PowerMac G4 500MHz 256MB/27GB/DVD-RAM/100 MB Zip

FEATURES:

* 500mhz PowerPC G4 
* System bus @100MHz 
* 256MB SDRAM memory 
* 27GB Ultra ATA drive 
* DVD-RAM (reads CDs & DVD-ram) 
INCLUDES:
* PowerMac G4 
* AC Power Cord 
* Keyboard & Mouse 

ginny thacker
please respond via email
[email protected]


----------



## shuuhen (Sep 4, 2004)

So the computer does boot off of a CD? If so, you don't need to replace the computer. The computer just seems to be having trouble reading the hard drive.

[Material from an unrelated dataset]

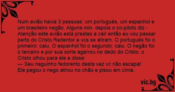 Num avião havia 3 pessoas: um português, um espanhol e um brasileiro negão. Alguns min. depois o co-piloto diz - Atenção este avião está prestes a cair então eu vou passar perto do Cristo Redentor e vcs se atiram. O português foi o primeiro: caiu. O espanhol foi o segundo: caiu. O negão foi o terceiro e por sua sorte agarrou no dedo do Cristo, o Cristo olhou para ele e disse:

If the computer is at least getting to the startup chime, you can try resetting the PRAM. When you start the computer, hold command-option-p-r until you have heard the startup chime about three or four times.


----------



## [email protected] (Oct 31, 2005)

Sounds very like the drive has died completely. Usually, if you manage to get it going once more you should IMMEDIATELY backup the data, as it's unlikely to come up again... 
Replacing the ATA drive is a doddle. You can get instructions from Apple's support http://www.apple.com/support/diy/ (and select your model G4), or Google using something like "replacing hard drive g4 500MHZ". 
You can get v. cheap replacement drives from http://ebuyer.co.uk or a variety of places in the US (always cheaper than the UK :-( ) 

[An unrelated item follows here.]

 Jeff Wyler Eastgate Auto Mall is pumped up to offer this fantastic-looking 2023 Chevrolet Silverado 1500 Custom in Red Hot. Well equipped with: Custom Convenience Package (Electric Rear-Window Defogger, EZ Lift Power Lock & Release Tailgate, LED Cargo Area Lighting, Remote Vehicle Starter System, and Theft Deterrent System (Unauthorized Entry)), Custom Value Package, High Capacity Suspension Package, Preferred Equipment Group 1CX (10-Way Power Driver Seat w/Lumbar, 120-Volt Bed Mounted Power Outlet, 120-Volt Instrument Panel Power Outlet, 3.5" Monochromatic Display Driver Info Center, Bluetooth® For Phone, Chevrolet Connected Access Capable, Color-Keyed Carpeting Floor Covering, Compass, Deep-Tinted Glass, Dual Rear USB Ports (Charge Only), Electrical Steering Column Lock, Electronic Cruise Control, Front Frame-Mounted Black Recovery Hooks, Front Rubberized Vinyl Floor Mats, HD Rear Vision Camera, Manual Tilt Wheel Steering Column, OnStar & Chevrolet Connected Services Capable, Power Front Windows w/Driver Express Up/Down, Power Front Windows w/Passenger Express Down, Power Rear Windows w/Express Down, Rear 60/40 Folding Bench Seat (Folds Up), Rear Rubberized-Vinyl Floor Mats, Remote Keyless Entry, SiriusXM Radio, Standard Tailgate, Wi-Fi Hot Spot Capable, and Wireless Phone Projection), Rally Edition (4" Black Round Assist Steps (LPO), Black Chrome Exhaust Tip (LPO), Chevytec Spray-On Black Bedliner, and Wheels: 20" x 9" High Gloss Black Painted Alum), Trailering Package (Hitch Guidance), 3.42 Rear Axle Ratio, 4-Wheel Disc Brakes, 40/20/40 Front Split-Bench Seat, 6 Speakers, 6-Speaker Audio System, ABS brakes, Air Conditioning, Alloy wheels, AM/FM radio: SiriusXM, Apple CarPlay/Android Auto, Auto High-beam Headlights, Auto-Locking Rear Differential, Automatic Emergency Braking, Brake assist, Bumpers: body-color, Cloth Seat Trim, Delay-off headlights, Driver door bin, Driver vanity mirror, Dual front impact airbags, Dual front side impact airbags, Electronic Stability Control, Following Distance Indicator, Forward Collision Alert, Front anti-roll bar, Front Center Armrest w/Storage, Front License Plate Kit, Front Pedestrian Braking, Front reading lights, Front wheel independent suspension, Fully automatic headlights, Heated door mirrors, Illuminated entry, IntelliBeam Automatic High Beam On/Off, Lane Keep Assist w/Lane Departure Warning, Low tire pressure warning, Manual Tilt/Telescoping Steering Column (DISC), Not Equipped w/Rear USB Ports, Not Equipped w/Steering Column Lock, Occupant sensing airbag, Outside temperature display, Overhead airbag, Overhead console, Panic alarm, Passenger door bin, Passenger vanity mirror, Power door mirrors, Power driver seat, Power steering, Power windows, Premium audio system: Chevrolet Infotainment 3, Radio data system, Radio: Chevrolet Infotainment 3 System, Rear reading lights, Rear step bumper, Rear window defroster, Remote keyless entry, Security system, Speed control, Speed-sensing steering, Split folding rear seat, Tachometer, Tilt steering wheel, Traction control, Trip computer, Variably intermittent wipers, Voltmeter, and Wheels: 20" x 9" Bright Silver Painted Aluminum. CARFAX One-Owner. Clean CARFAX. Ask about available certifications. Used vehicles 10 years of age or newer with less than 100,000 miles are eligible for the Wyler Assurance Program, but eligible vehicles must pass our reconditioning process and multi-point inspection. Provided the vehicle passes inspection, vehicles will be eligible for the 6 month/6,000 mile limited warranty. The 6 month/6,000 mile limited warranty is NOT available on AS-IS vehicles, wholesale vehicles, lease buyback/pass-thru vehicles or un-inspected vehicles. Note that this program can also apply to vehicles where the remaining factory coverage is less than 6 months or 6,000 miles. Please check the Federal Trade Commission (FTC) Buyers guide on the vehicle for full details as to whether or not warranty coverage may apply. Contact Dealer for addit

And one last thing - where possible use Seagate drives, both ATA and SCSI, they are the best.


----------



## sinclair_tm (Mar 11, 2005)

that g4/500 does not have scsi on it. scsi was a built to order option on all g4 desktops. what mac do you have with a failed hd on it. it is simple to replace the hds on most macs. as far a getting a replacement hd, the best to do is to get new, and any major brand will do. i have maxtor and wester digital and never have had a problem with them.


----------